What you are asked to do:
Repeat the data word for word. Do not include the pictures.

Data below:
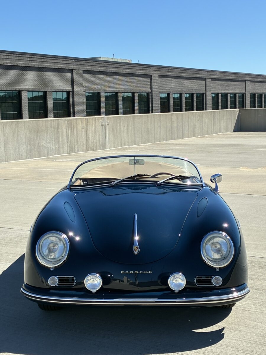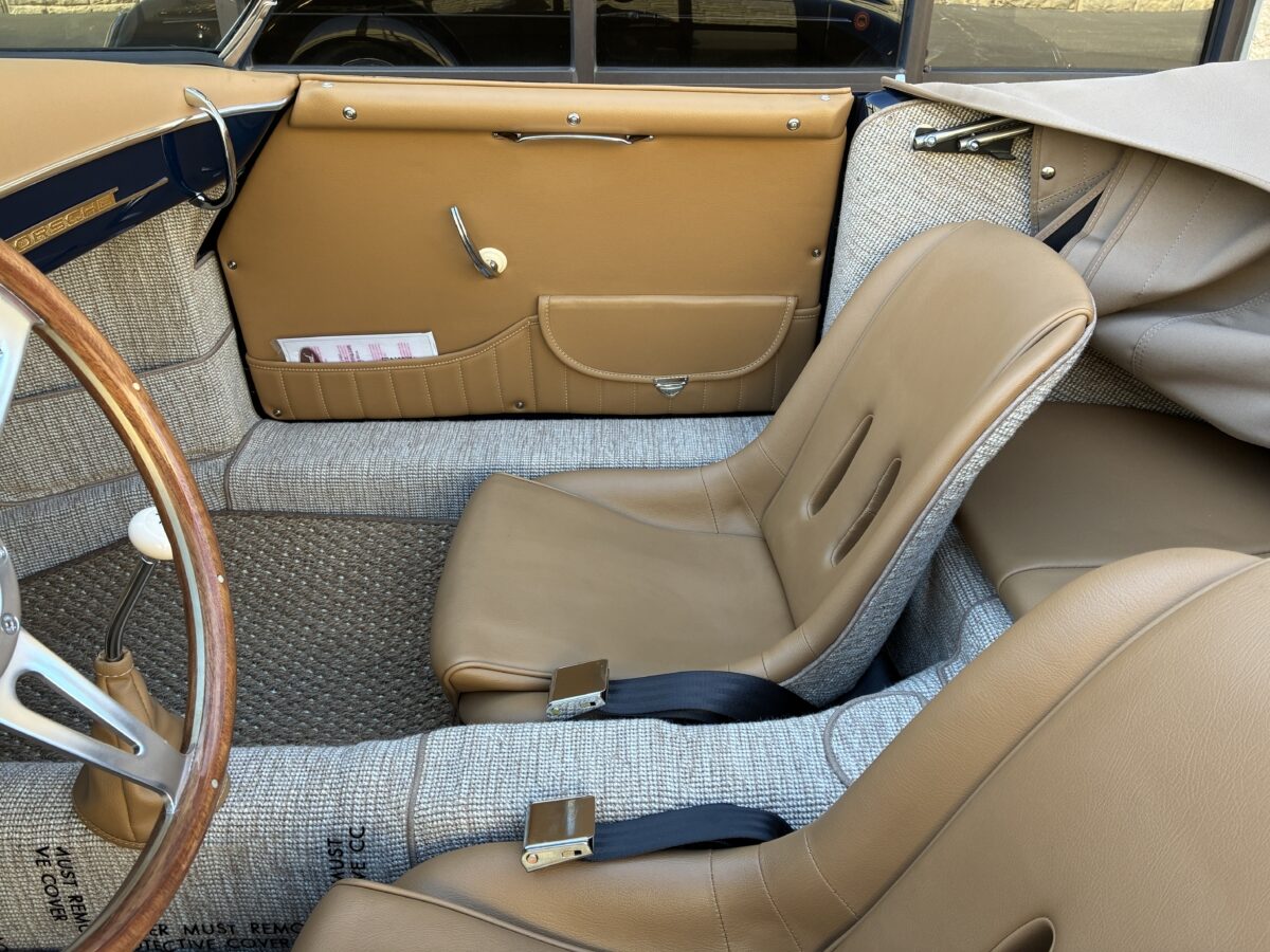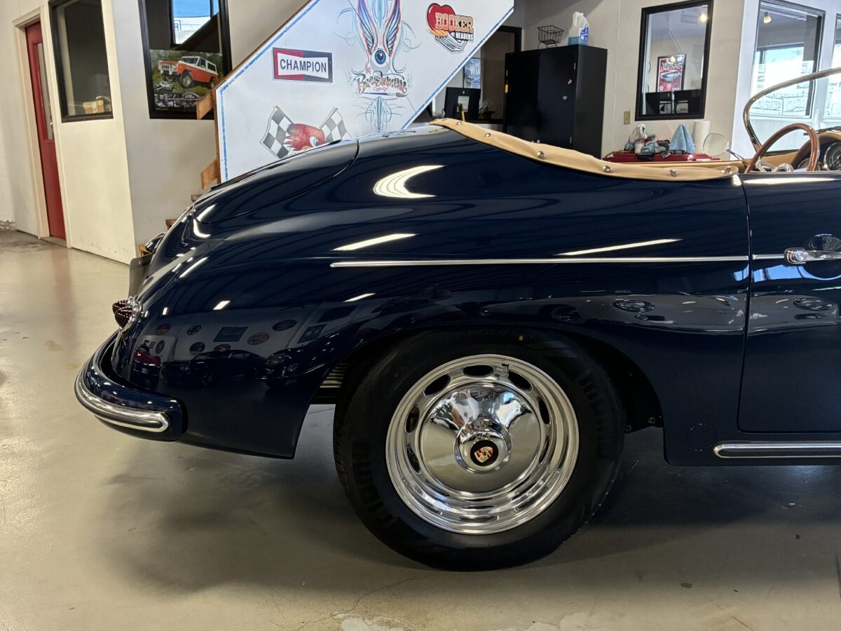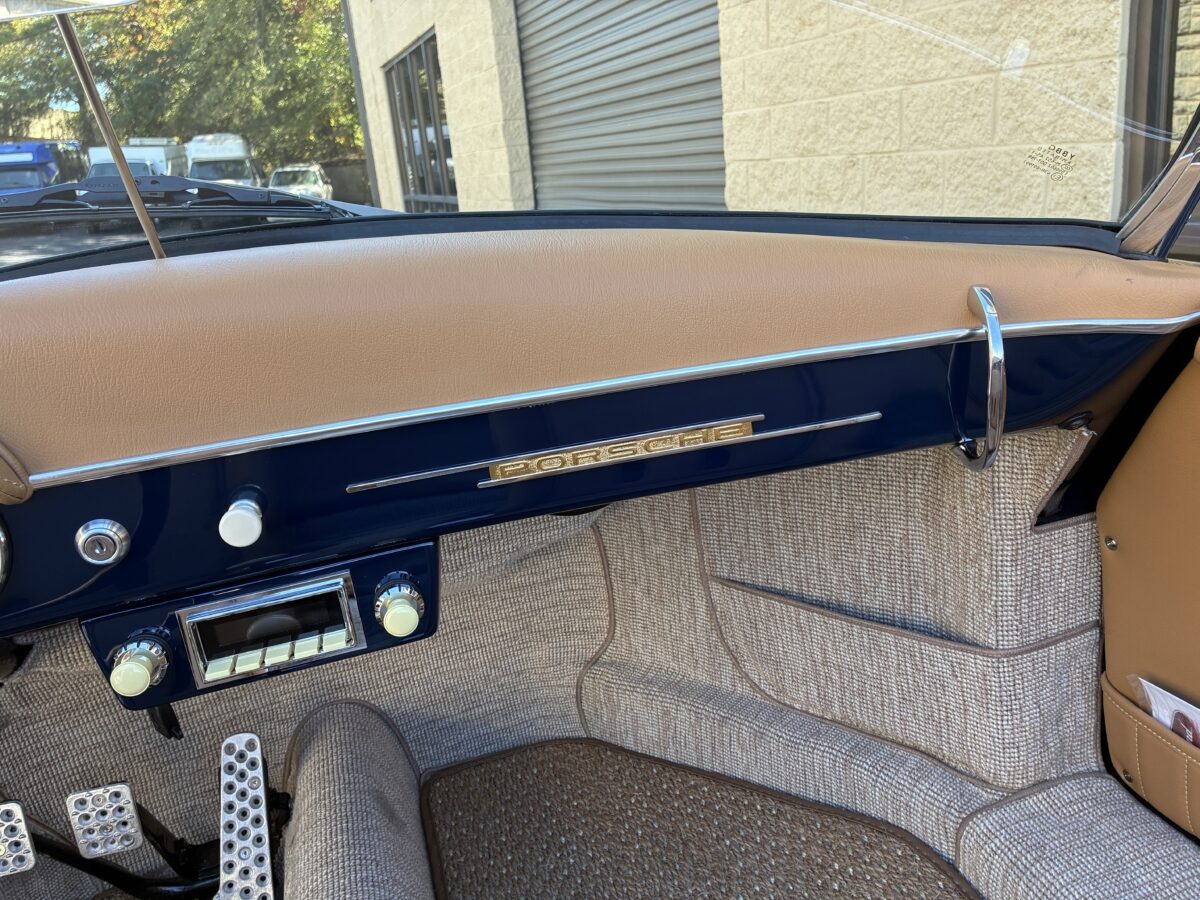 We had this one built for our inventory in an original 356 color called Bali Blue and the fit and finish most likely exceeds the original.. The body is adorned with Porsche badging on the nose, rear and dash. Paint and body are essentially flawless. This one has the beehive taillights with a Spyder Shine down license plate light. Front driving lights really help when driving at night on poorly lit streets. It also has the nipple emblem hubcaps.
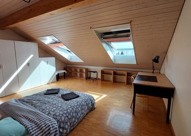 Il s'agit d'une chambre meublée très lumineuse (2 grands velux) dans les combles avec sa salle de douche privative dans une maison composée de 4 chambres en colocation. Uniquement pour personne non-fumeuse et tranquille.
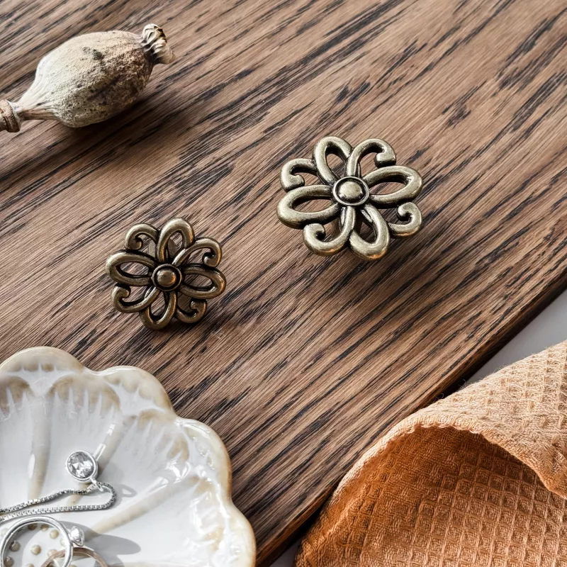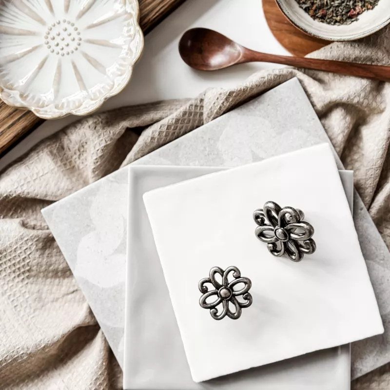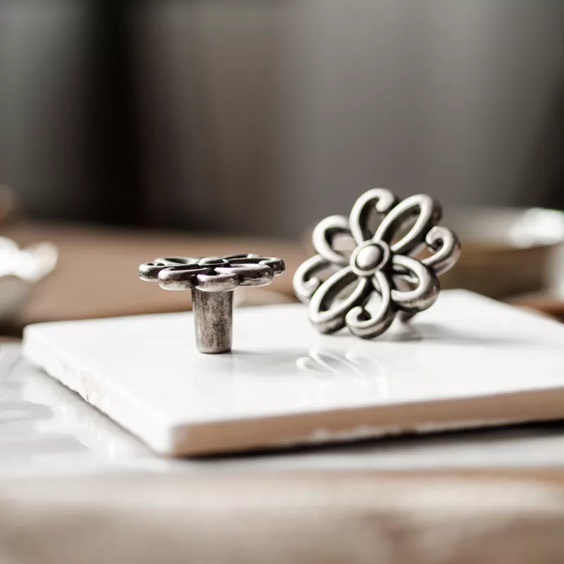 Marrakech-knoppen har en unik evne til at tilføre varme og personlighed til dine møbler. Med sit bløde, blomsterinspirerede formsprog og rustikke overflade skaber den en naturlig og afslappet stemning, perfekt til dig, der ønsker et indbydende hjem med boheme-charme. Denne knop har et design, der både føles klassisk og unikt. De bløde former og de dekorative detaljer minder om orientalsk håndværk, mens materialet og overfladen giver den et robust og rustikt udtryk. Den findes i to størrelser og to farver, hvilket gør den nem at tilpasse forskellige indretningsstile.

Solved problem:
 We had this one built for our inventory in an original 356 color called Bali Blue and the fit and finish most likely exceeds the original.. The body is adorned with Porsche badging on the nose, rear and dash. Paint and body are essentially flawless. This one has the beehive taillights with a Spyder Shine down license plate light. Front driving lights really help when driving at night on poorly lit streets. It also has the nipple emblem hubcaps.
 Il s'agit d'une chambre meublée très lumineuse (2 grands velux) dans les combles avec sa salle de douche privative dans une maison composée de 4 chambres en colocation. Uniquement pour personne non-fumeuse et tranquille.
 Marrakech-knoppen har en unik evne til at tilføre varme og personlighed til dine møbler. Med sit bløde, blomsterinspirerede formsprog og rustikke overflade skaber den en naturlig og afslappet stemning, perfekt til dig, der ønsker et indbydende hjem med boheme-charme. Denne knop har et design, der både føles klassisk og unikt. De bløde former og de dekorative detaljer minder om orientalsk håndværk, mens materialet og overfladen giver den et robust og rustikt udtryk. Den findes i to størrelser og to farver, hvilket gør den nem at tilpasse forskellige indretningsstile.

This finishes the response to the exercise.